For the LUN ID to change wouldn't there need to be a controller type mismatch or something similar (Not really a super storage guy)? This is a new piece of hardware so maybe there is an issue that HP is not aware of or has not fessed up to.

I think you might want to call HP before setting EnableResignature and trying to bring the Volume back online

0 Kudos
mcowger
Immortal
Immortal

That entirely depends on the storage array, and some are better than others. The MSAs are well known to be in the 'others' group Smiley Happy






--Matt

--Matt VCDX #52 blog.cowger.us
0 Kudos
mike_laspina
Champion
Champion

Hi,

Yes it's possible to bring it back provided it not badly corrupted.

Does the host that is still running see that storage and properly access it?

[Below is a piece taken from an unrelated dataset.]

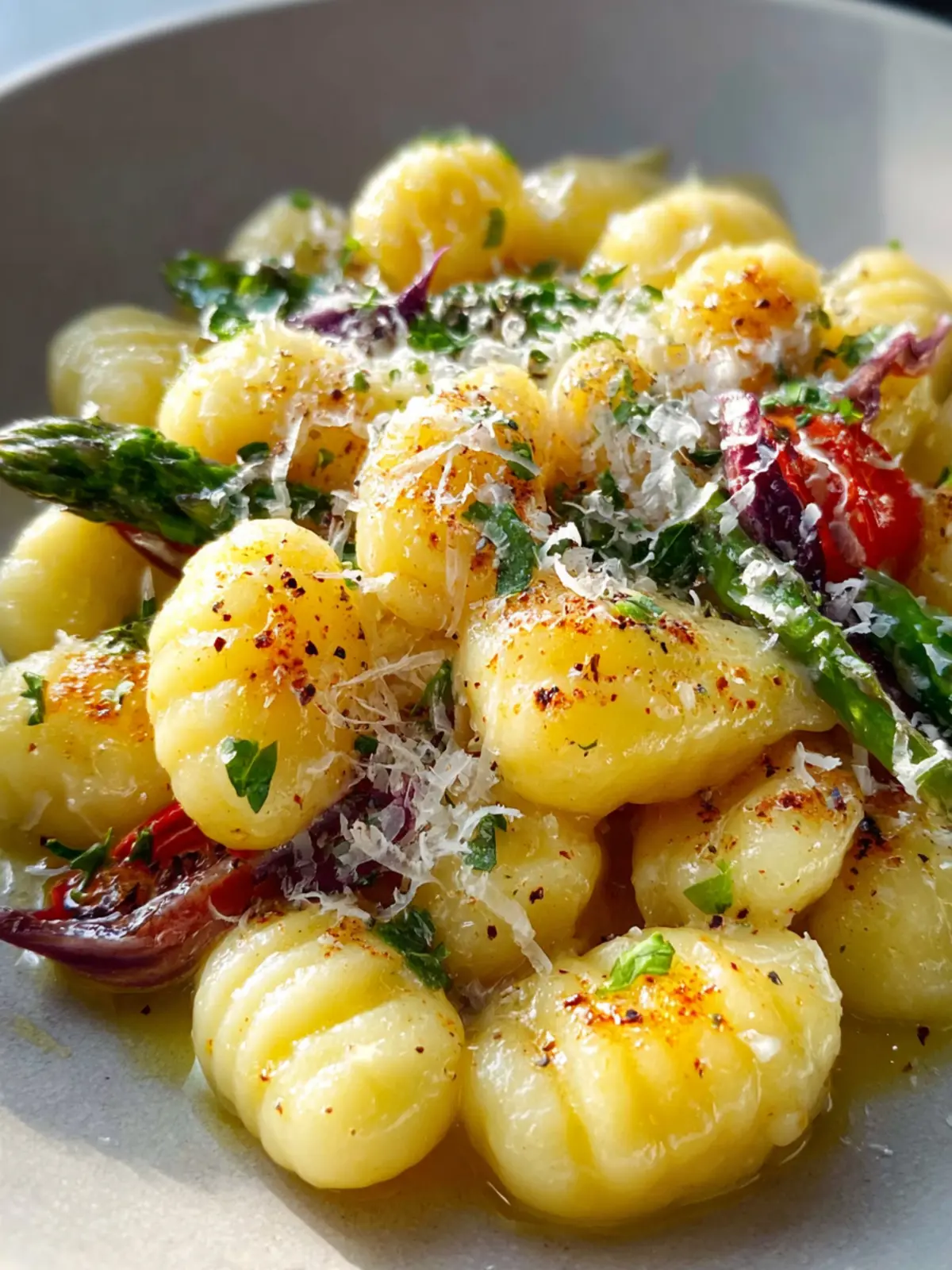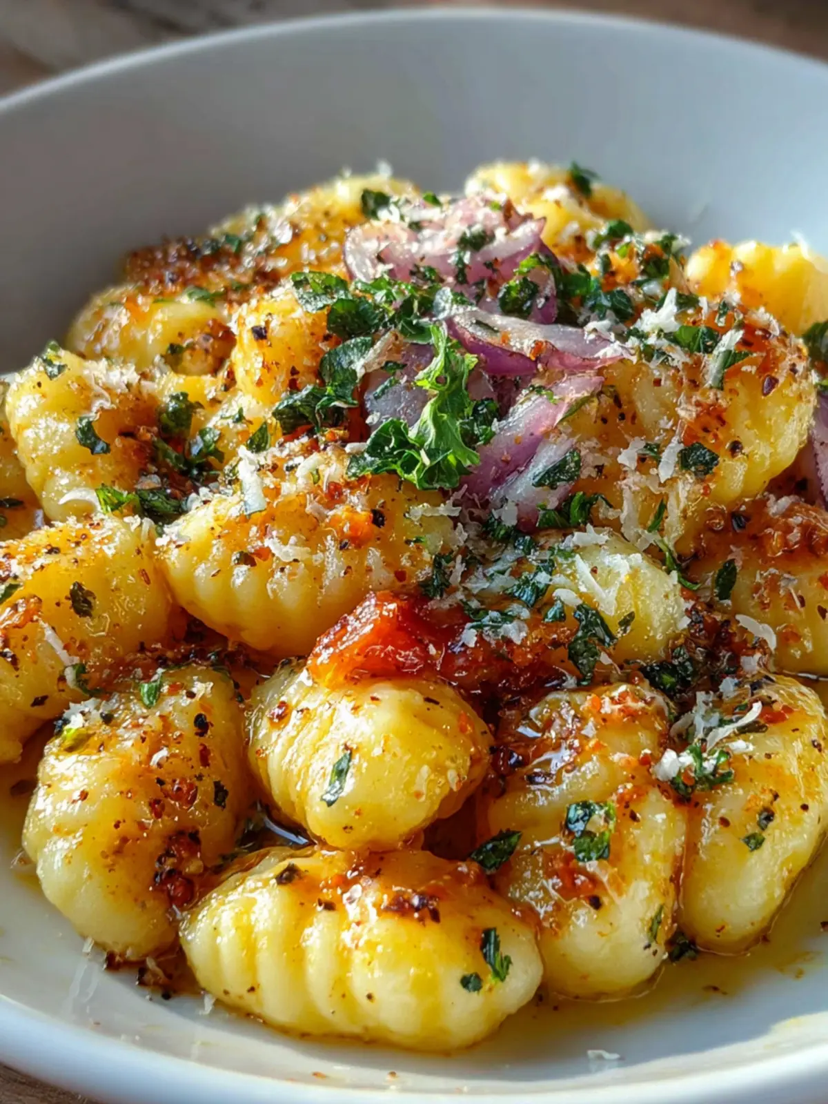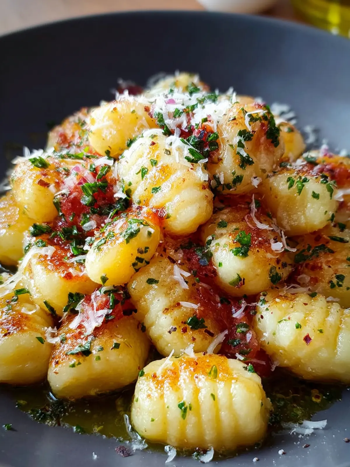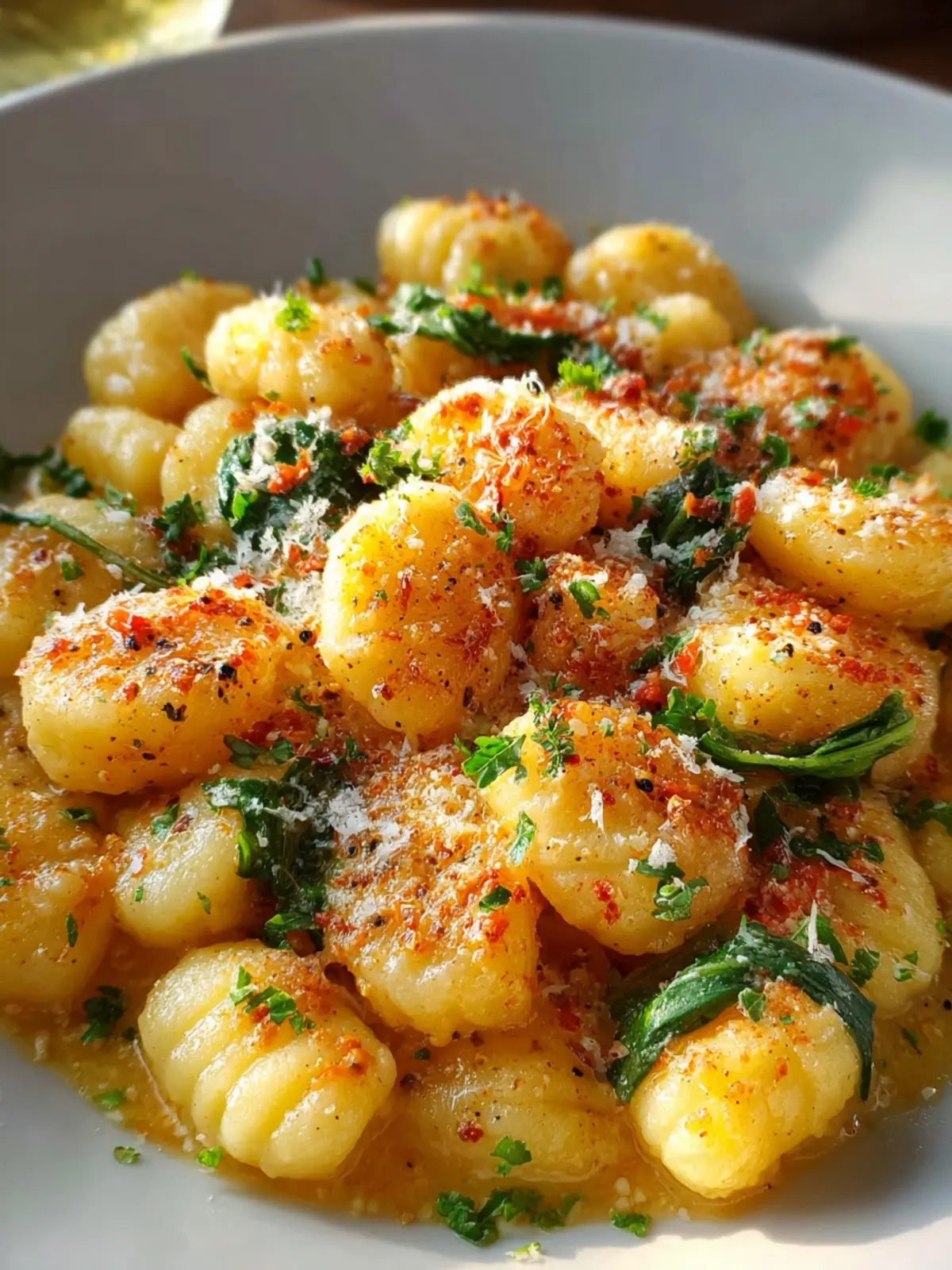 Imagine the warm, earthy flavors of autumn with pumpkin gnocchi tossed in aromatic sage. The natural sweetness of pumpkin pairs beautifully with nutty sage, making this variation a comforting seasonal favorite. Serve it with a drizzle of olive oil and a sprinkle of nutritional yeast for that extra savory touch.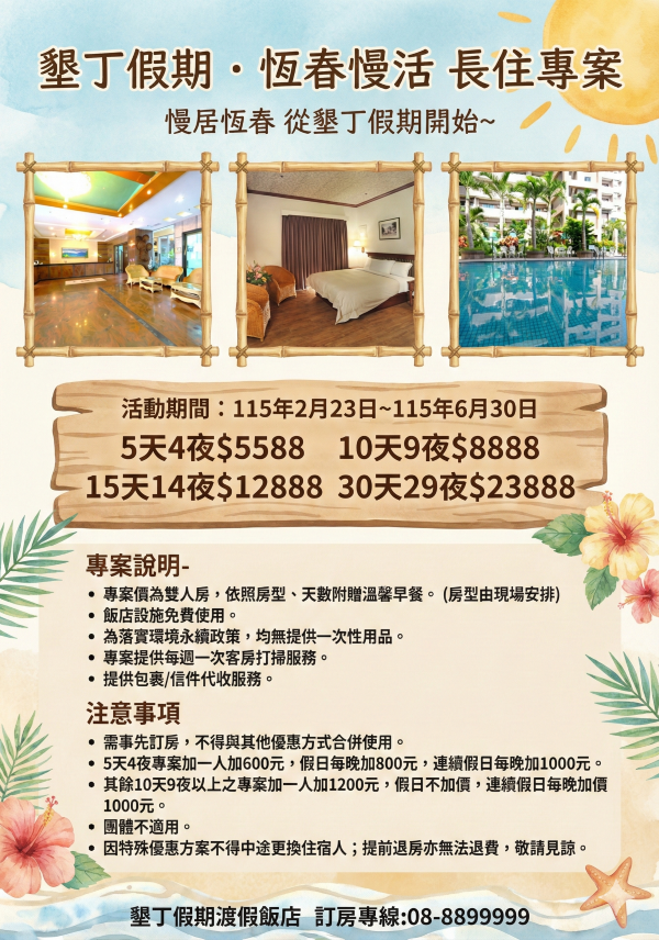 慢下來,讓生活更有溫度 🌴適合遠距工作、旅居放鬆或長假休息的旅客更多詳情請參考下方圖片訂房專線|08-8899999若有訂房相關需求.訂房電話忙線時.歡迎洽詢業務部訂房高雄業務 07-3323990 台北業務 02-27312506上班時間: 09:00~18:00

What does esxcfg-mpath -l report on the host with the issue?

also check the vmkwarning logs

e.g.

cat /var/log/vmkwarning

http://blog.laspina.ca/ vExpert 2009
0 Kudos
DanielJWoodhous
Contributor
Contributor

Hmm, that's exactly what I thought after replacing a controller in another MSA2000 two weeks ago and finding that the LUN ID had changed.

However, I've already tried the workaround of setting LVM.DisallowSnapshotLUN to 0. Still no joy.

0 Kudos
DanielJWoodhous
Contributor
Contributor

Thank you for your response. The paths all seem to be correct, as well as the preferred path.

I had checked the logs earlier and nothing was being reported. However, I have just rebooted one of the servers and now we have something to work on. The issue is kind of what I thought it was, and wishing wouldn't happen. Here's the message: -

Jan 15 16:40:23 mhgsvesx00789 vmkernel: 0:00:01:16.196 cpu3:1040)WARNING: Vol3: 611: Couldn't read volume header from 4907489e-a8e1739e-a009-00215aaa8368: Address temporarily unmapped

Any ideas on how to rescue a VMFS header?

Many thanks,

Daniel

0 Kudos
DanielJWoodhous
Contributor
Contributor

Now we all know HP equipment is the best! Shame that this is a rebagged Dothill product then Smiley Happy

0 Kudos
mike_laspina
Champion
Champion

Yes. But I'm not sure it will help you.

Here's how it was done.

http://communities.vmware.com/message/1033534

http://blog.laspina.ca/ vExpert 2009
0 Kudos
SuryaVMware
Expert
Expert

Can you post the fdisk -lu output from one of the host?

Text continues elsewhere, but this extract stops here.